И вдруг, откуда ни возьмись, — пророк.

— Аллах исполнил твою просьбу, — говорит, коснулся Бабы-Яги рукой, и стала жена турка прежняя.

— Ну, — говорит пророк, — доволен ты теперь?

— Доволен, — говорит турок и не знает, куда глаза девать от стыда.

— Распорядился ты своим счастьем? — спрашивает пророк.

А турок только рукой махнул.

— Прав ты, — говорит, — прав, святой пророк. Все ушло на женщину! И будь проклят час, когда я связался с ней!»

— Хороша сказка? — прибавил Илья Абрамыч, заглядывая мне в глаза.

Я отвернулся и засмеялся. К сожалению, я в эту пору сам похож был на турка из сказки. И мы долго лежали молча на песке. «О, милая, тонкая и наивная восточная мудрость!» — думал я, поглядывая на алеющий при закате Ай-Петри. А Илья Абрамыч делал вид, что он забыл о сказке, и причмокивал, потягивая из бутылки.

— Доброе, доброе вино! — говорил он. — О, дурак тот, кто бросает из-за одной блохи целое одеяло в огонь!

1901

В Альпах*

Тихи и безлюдны альпийские долины в серые дни поздней осени! Неясно синеют они, уходя друг за другом в горы, дикие вершины которых тонут в облачном небе. Свинцовое и равнодушное, оно низко висит над озерами, и такие же свинцовые, только более темные и красивые, лежат под ним озера, налитые между гор, сизыми гранитами подымающихся из их лона. Когда глядишь в это облачное небо, тянет уйти в его туманы, провести ночь в каком-нибудь безлюдном горном отеле, скрытом в высоте мглою…

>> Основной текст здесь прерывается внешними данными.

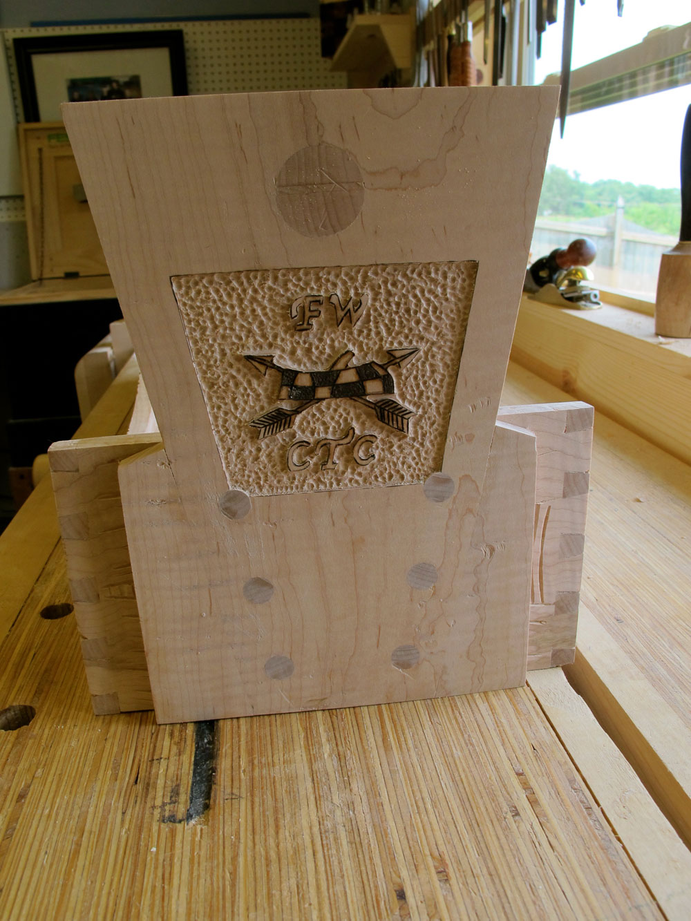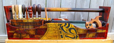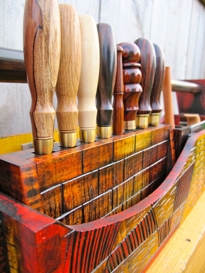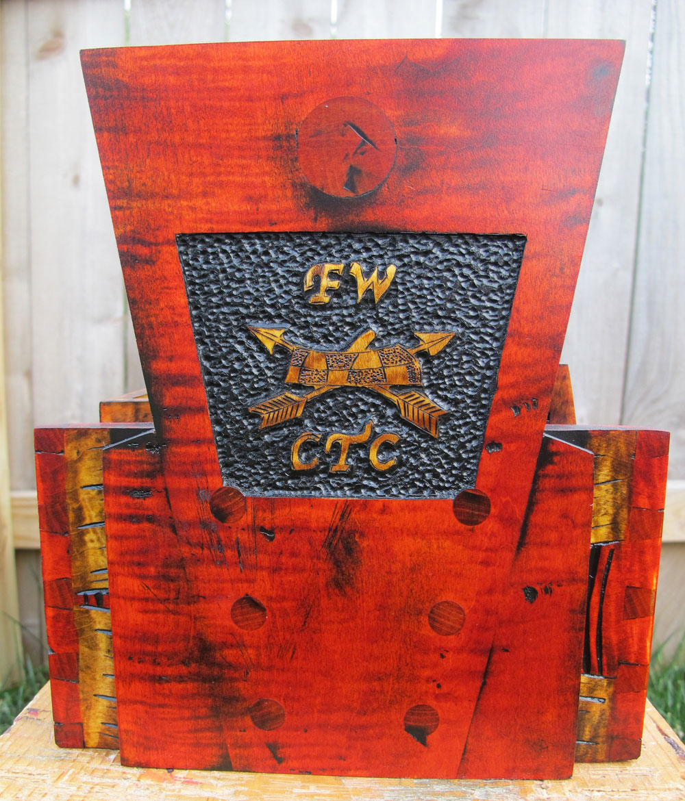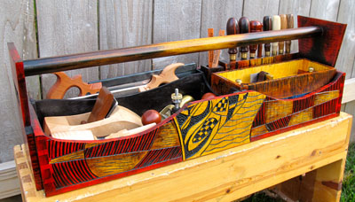 Once the carving is finished, I move onto completing the rest of the tool chest. This includes cutting the curved sides, case glue up, attaching the handle, fitting the bottom, and building the interior tool inserts. Completing the whole process is the addition of color and finish.

Как-то в начале ноября мы с товарищем скитались в Гларнских долинах. Утром мы покинули на пароходе город, а после полудня уже были далеко в горах. Немного было жутко, — на горах могли разыграться метели, — но крестьяне, встретившиеся нам в начале пути, когда мы только что стали подниматься вдоль забытой до весны зубчатой железной дороги, сказали, что ожидать метелей пока еще нет основания. Но печально было в горах! Низкорослый лес на обрывах был редок и точно задремывал, роняя мелкие желтые листья. Изредка можно было видеть изумленные и тупые морды пасущихся коров, изредка слышался свист мальчиков, собиравших по кустарникам хворост… Потом замерли и эти звуки, в воздухе слегка посвежело… В глубокой тишине мы мерно шагали все выше и выше по крутой дороге, а с гор, с диких скал, сумрачно синеющих сосновыми лесами, серым дымом спускалась к нам зима. Приближались и мы к ней и, останавливаясь, чтобы передохнуть, подолгу смотрели в долины, слабо синеющие сквозь деревья, далеко под нами. Тогда слышно было падение каждого листика в лесу; мокрые кустарники плакали беззвучными слезами, а тишина уже сменялась мертвым молчанием гор. И, счастливые этим глубоким покоем, мы все дальше уходили в долгие сумерки густого ноябрьского дня, медленно умирающего среди горного безлюдья.